While you can choose most any subject, it must be applicable to business and accounting. The board recommends that you select such subjects as:

  • Accounting
  • Auditing
  • Taxation issues
  • Management
  • Ethics
  • Mathematics
  • Quantitative analysis
  • Statistics
  • Business law
  • Finance
  • Human resources

Note that credit is given in whole-hour increments and each 50-minute period counts as one hour. Thus, if you spend 1.5 hours (90 minutes) in a classroom, you will only receive one CPE hour. However a 100-hour seminar will count as 2 CPE hours. When accounting for your hours, note that you may carry over up to 10 hours to the next licensure period.

You should also be sure to make a detailed accounting of your CPE hours. Keep a folder of all of your certificates, and even scan them and save them electronically. The board requires that you maintain these records for a minimum period of five years after completing any given course. For your records, make sure you know when it took place, the course title, who taught it, course duration, and any details about the subject matter.

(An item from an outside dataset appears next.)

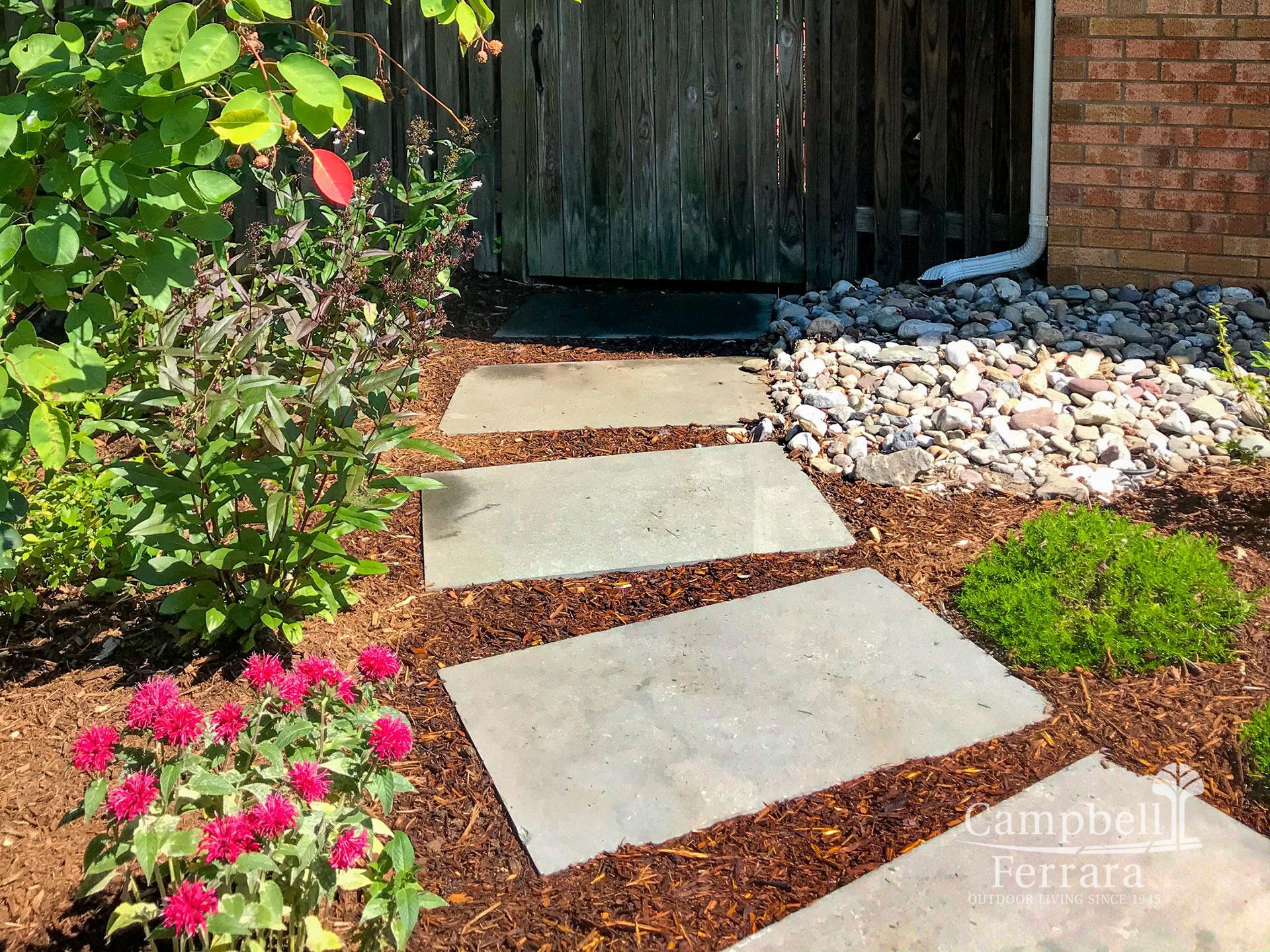 Drainage was a concern, even though the property was fairly level. Belgian block standing upright along the perimeter window wells was installed to allow the soil and river jack stone to have more of a slope away from the house. Another concern was fitting the client’s wish list into their budget. This was addressed by offering lower cost hardscaping alternatives, such as pea gravel and flagstone steppers instead of more expensive geo-cut patio and walkway options. The result was a much more organic feeling landscape that worked into their desire for an interactive landscape that benefitted both adults and children.

Apart from the NASBA registry itself, you might discover CPE opportunities at colleges, universities, and national or regional conferences. There are also online courses and seminars that you can attend. Note that if you take courses for credit, you must maintain a record of successful completion. If you take college courses on a not-for-credit basis, you must have the instructor sign a statement to verify the hours you spent in the classroom.

After you have attained your CPA license, practicing and maintaining your profession will be a pleasure. After all, you are at the top of the business world. Congratulations on a job well done!